TASK STATEMENT:
What you return should be only the lines in the entries below between the one holding "В самой программе" and the one holding "Et voici notre", ends included, with every picture left out.

SUPPLIED DATA:

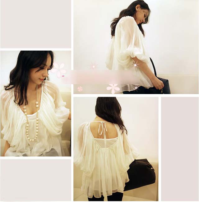 韩版优品精致华丽大蝙蝠袖白色雪纺衫(赠吊带) 优质仿真丝雪纺 白色 均码 肩宽胸围无限制 袖长46 衣长65 看到这款衣衣的时候就觉的眼前一亮 衣衣的面料是仿真丝雪纺,手感特好 里面是全棉的小吊带 个性的灯笼袖与前胸设计极其经典 袖口是松紧口的哦 后肩雪纺带子自然绑在一起,将性感挥洒地淋漓尽致 衣衣不限身材 胖瘦都可以穿滴 拥有它 今夏 你 就是明星。。。
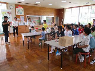 本校では毎年、防災の日に避難訓練を実施しています。2日(月)は、「大雨による特別警報が出て、学校の裏手の山から土石流が発生し、低い階では危険なので、3階へ垂直避難をする」という設定でした。市の危機管理課の2名の担当の方に避難の様子を見ていただき、ご助言をいただきました。また、避難後、ランチルームへ移動して、土砂災害についての話を聞きました。子供たちは熱心に聞いて、質問をしていました。
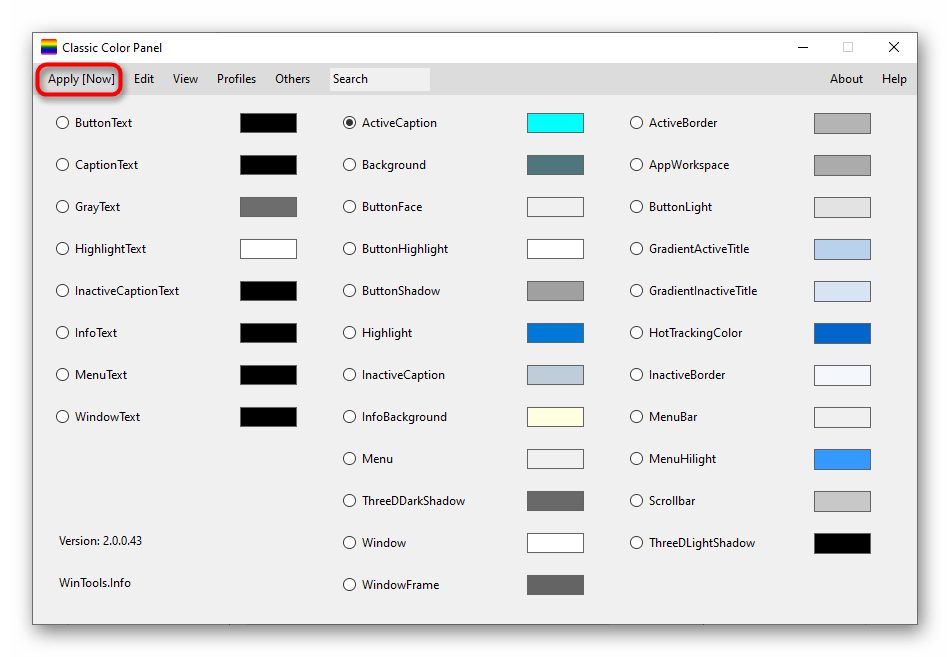 В самой программе Classic Color Panel ознакомьтесь с присутствующими пунктами и решите, цвет каких элементов вы хотите изменить.
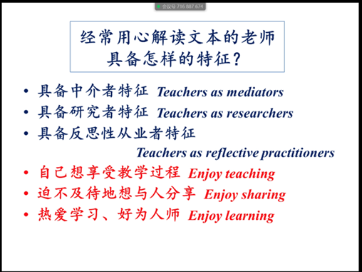 教授、硕士生导师王彩琴以“以文本解读提升课堂实效”为主题的在线学术交流活动。
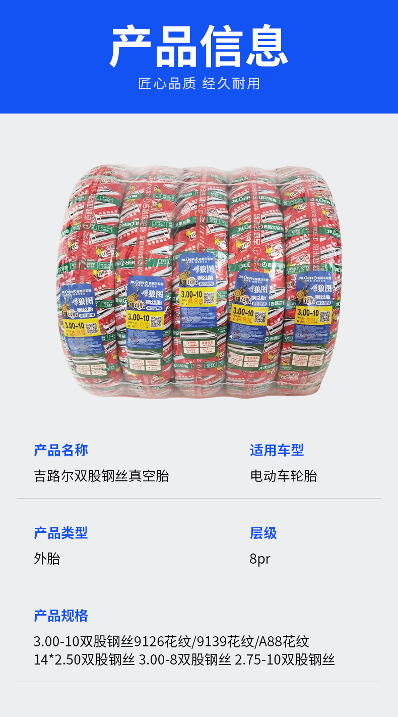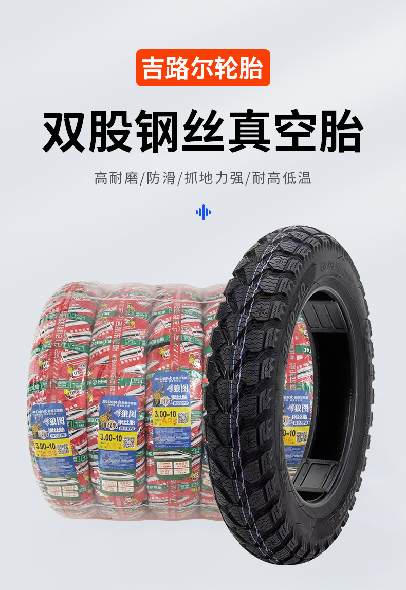 Jiluolangtu ダブルストランド鋼線 3.00-10 真空タイヤ 8 層厚みのある耐パンク性、滑り止め、耐摩耗性の本物の卸売
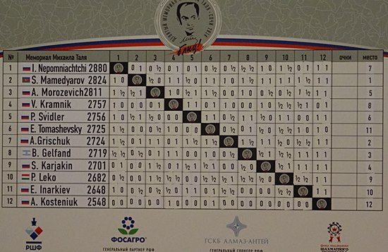 1. Shakhriyar Mamedyarov mit 16,0 Punkten aus 22 Partien, 2. Alexander Grischuk 15,5/22, 3.Boris Gelfand 12,5/22, 4. Sergey Karjakin 12,5/22, 5. Alexander Morozevich 12,5/22, 6. Peter Svidler 12,0/22, 7.Ian Nepomniachtchi 11,0/22, 8. Vladimir Kramnik 10,5/22, 9. Peter Leko 10,0/22, 10. Ernesto Inarkiev 9,5/22, 11. Evgeny Tomashevsky 8,0/22 und 12. Alexandra Kosteniuk 2,0/22.
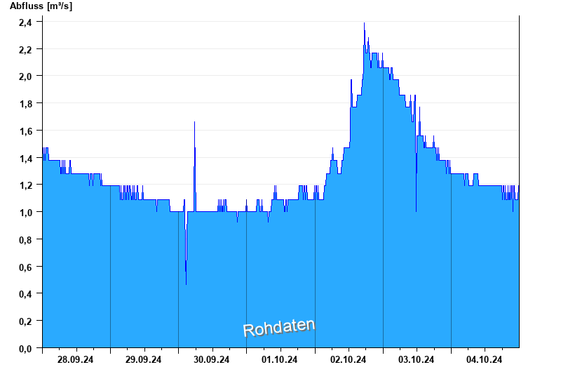 Abfluss durch starke Verkrautung behindert; Abflusswerte unsicher
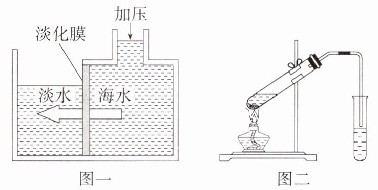 9.(2022山东济南济阳期末,10,★☆☆)海水淡化是解决淡水资源短缺的有效办法。如图是淡化海水的两种装置。图一所示为膜分离法淡化海水,水分子可以通过淡化膜(海水中体积较大的盐的离子和其他分子不能通过)进入左侧的淡水池,从而得到淡水;图二所示是蒸馏法淡化海水的简易装置。下列说法中,不正确的是 ( )
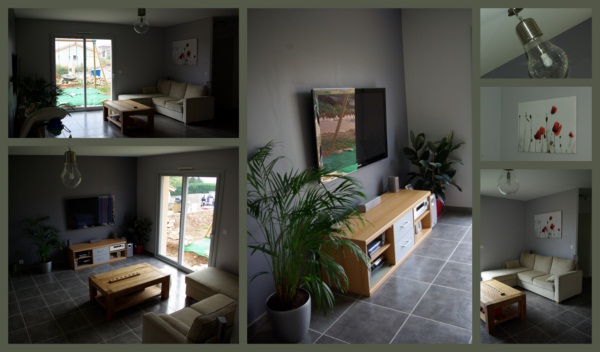 Et voici notre grande pièce du RDC, côté salon… La peinture (toujours les 2 tons de gris) a été faite par Franck & le nouvel écran plasma accroché au mur (et les câbles dans le mur). A terme, le canapé sera changé, pour 2 canapés plus petits, que nous mettrons perpendiculairement. Cela « clôturera » plus le …
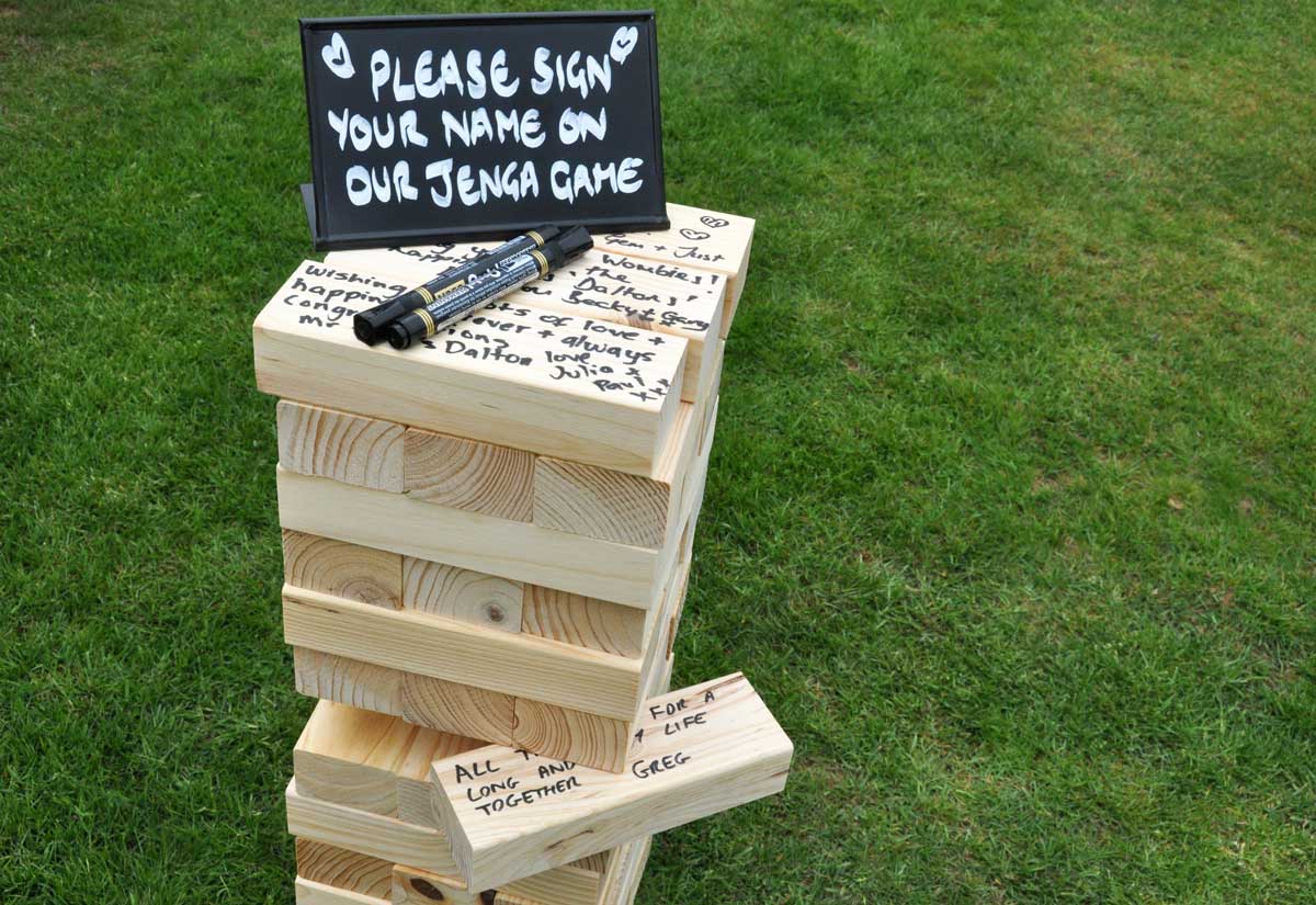 When you first arrive at your wedding reception your guests may want to let off a little steam. This Jenga idea is brilliant for children & adults alike Most people are familiar with the game ‘Giant Jenga’ so as you pull out the wooden block you write a special message on it for your Bride & Groom; then pop it on the top until it falls over. Once people have played it a few times, other guests have more of a chance of picking a wooden block with a heart felt message on it and the happy couple get to take it home and read what everyone has written. The game can then come out when you have people over or go to a BBQ to remind you of your special day. This idea encourages your guests to take part in the DIY tasks for your wedding day.
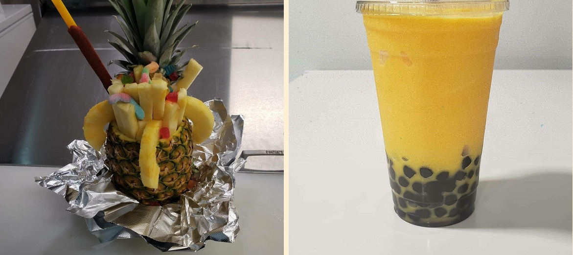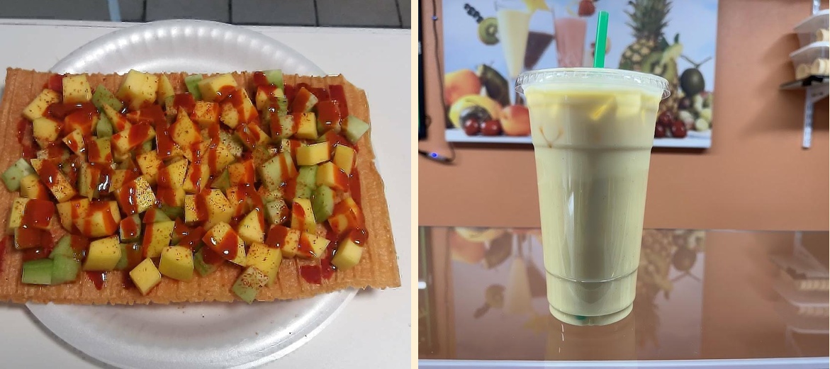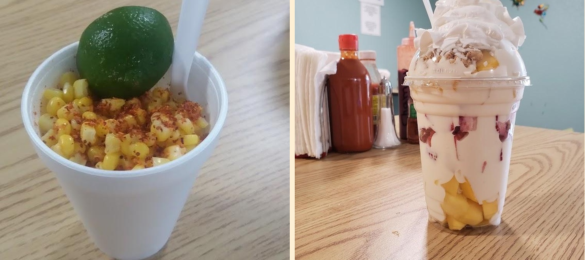 Popular items include boba tea smoothies, hot cheetos with cheese, corn cups, and mango loco. Don't forget to try the fruit cups and strawberries and cream.
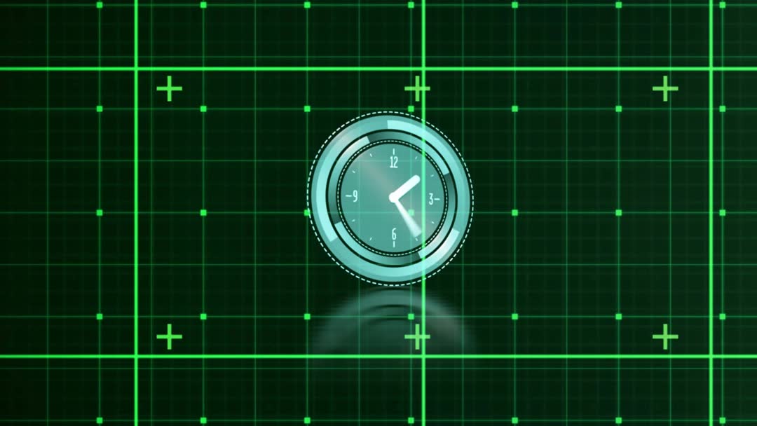 - Teal HUD clock rotating on neon grid with expanding rings and scanning crosshairs

RESULT:
 В самой программе Classic Color Panel ознакомьтесь с присутствующими пунктами и решите, цвет каких элементов вы хотите изменить.
 教授、硕士生导师王彩琴以“以文本解读提升课堂实效”为主题的在线学术交流活动。
 Jiluolangtu ダブルストランド鋼線 3.00-10 真空タイヤ 8 層厚みのある耐パンク性、滑り止め、耐摩耗性の本物の卸売
 1. Shakhriyar Mamedyarov mit 16,0 Punkten aus 22 Partien, 2. Alexander Grischuk 15,5/22, 3.Boris Gelfand 12,5/22, 4. Sergey Karjakin 12,5/22, 5. Alexander Morozevich 12,5/22, 6. Peter Svidler 12,0/22, 7.Ian Nepomniachtchi 11,0/22, 8. Vladimir Kramnik 10,5/22, 9. Peter Leko 10,0/22, 10. Ernesto Inarkiev 9,5/22, 11. Evgeny Tomashevsky 8,0/22 und 12. Alexandra Kosteniuk 2,0/22.
 Abfluss durch starke Verkrautung behindert; Abflusswerte unsicher
 9.(2022山东济南济阳期末,10,★☆☆)海水淡化是解决淡水资源短缺的有效办法。如图是淡化海水的两种装置。图一所示为膜分离法淡化海水,水分子可以通过淡化膜(海水中体积较大的盐的离子和其他分子不能通过)进入左侧的淡水池,从而得到淡水;图二所示是蒸馏法淡化海水的简易装置。下列说法中,不正确的是 ( )
 Et voici notre grande pièce du RDC, côté salon… La peinture (toujours les 2 tons de gris) a été faite par Franck & le nouvel écran plasma accroché au mur (et les câbles dans le mur). A terme, le canapé sera changé, pour 2 canapés plus petits, que nous mettrons perpendiculairement. Cela « clôturera » plus le …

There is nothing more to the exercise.